FROM THE SANCTUARY TO THE PEOPLE
DEDICATION OF THE LATERAN BASILICA, FEAST
Ezek
47:1-2,8-9,12; Ps 46:2-3,5-6,8-9; Jn 2:13-22
The
Dwelling Place of God
The
feast of the dedication of the Lateran Basilica is about the consecration of a
physical building constructed by Emperor Constantine on the Lateran Hill in
Rome in about 324. It is the mother and head of all the churches of the City of
Rome and the western world. It is the Catedral of the See of Peter, as the
Bishop of Rome. But it is more than just a celebration of a physical building.
It is the celebration of God’s dwelling among his people. It is an opportunity
to meditate on the vocation each of us has received to be a dwelling place of
God. The physical building is holy to the extent it serves the purpose of
aiding the holiness of those who worship God in it. Our holiness consists in
God dwelling within us. So, the end of the physical building is the holiness of
the worshippers. The church building is holy because it houses the celebration
of the sacred mysteries, our liturgical celebrations geared towards the glory
of God and the sanctification of man. The liturgical celebrations are not
sacred ipso facto. They derive holiness from the faith of the faithful who
participate in the celebrations and instantiate the Church of God by the same
faith. Our faith in God is the essential element that makes the presence of God
in our liturgical celebrations efficacious and redemptive.
God
is everywhere by his divine essence and limited by nothing less than his will.
But he is present in our liturgical celebrations in a redemptive manner to
bring about the salvation of those who faithfully implore his mercy and grace.

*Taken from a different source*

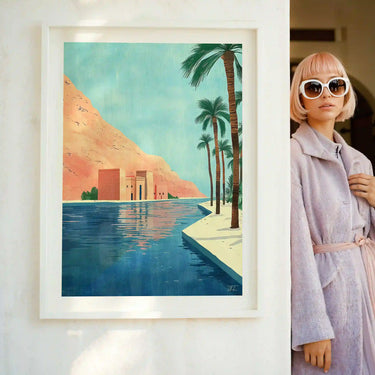 This idyllic artwork depicts a serene scene by the Nile, where orange, blue, and turquoise hues blend beautifully with the landscape. Palm trees line the scene, adding to the scenic tranquility and vibrant atmosphere. Perfect for those who appreciate nature-inspired art, this piece brings a sense of peaceful beauty and warmth to any space.

The redemptive grace is everywhere but made available to any who implore with
faith in spirit and truth as our Lord revealed to the Samaritan woman. He is
present even more so when the faithful gather and pray in spirit and truth in
the liturgical celebrations. The prophecy of Ezekiel confirms this
understanding of the outflowing of the grace of God from the sanctuary to the
people. “The water flowed from under the right side of the Temple, south of the
alter. He took me out by the north gate and led me right round outside as far
as the outer east gate where the water flowed out on the right-hand side. He
said, ‘This water flows east down to the Arabah and to the sea, and flowing
into the sea it makes its waters wholesome.” The grace of God flowing from the
Word and Sacraments into us, individually and collectively, making our
thoughts, words, and actions wholesome. The graces we receive from our
liturgical celebrations in the church purify and enable us to bear heavenly
fruits and minister salvation, or Jesus Christ, to others. Hence, the feast
celebrates God’s presence for our sanctification and salvation. Thus, the
Psalmist testifies: “God is for us a refuge and strength, a helper close at
hand, in time of distress, so we shall not fear though the earth should rock,
though the mountains fall into the depths of the sea.”
The action of Jesus Christ at the Temple in Jerusalem confirms our explanation of the purpose of the physical church. The Temple is a sacrament of God’s dwelling among his people; the sacrament of the mystical Body of Jesus Christ. It is also a sacrament of the individual Christian called to be a dwelling place of God. These shades of the sacramental nature of the physical church are visible in the encounter at the Temple in Jerusalem. When he drove out the traders in the Temple, the Jews wanted to understand why he did so. “Jesus answered, ‘Destroy this sanctuary, and in three days I will raise it up.’ … But he was speaking of the sanctuary that was his body, and when Jesus rose from the dead, his disciples remembered that he had said this, and they believed the scripture and the words he had said.” Our Lord referred to his own body, thereby using the Temple and his sacred body interchangeably in the mystery-ladened interaction between him and the Jews. Another important teaching from the interaction is that God builds his Church, not man. From the sacred body of our Lord Jesus Christ, his mystical body that is the Church, the individual members of the Church constituting his body, to the physical building, these are God works, we are only instruments in the hand of God. The Lord passed this truth to the Jews when he said: ‘Destroy this sanctuary, and in three days I will raise it up.’ There is nothing holy which God has not constructed. What belongs to us, in our sinfulness, is destruction only God constructs a holy house.
Let us pray: O God, who from living and chosen stones prepare an eternal dwelling for your majesty, increase in your Church the spirit of grace you have bestowed, so that by new growth your faithful people may build up the heavenly Jerusalem. Through our Lord Jesus Christ, your Son, who lives and reigns with you in the unity of the Holy Spirit, God, for ever and ever.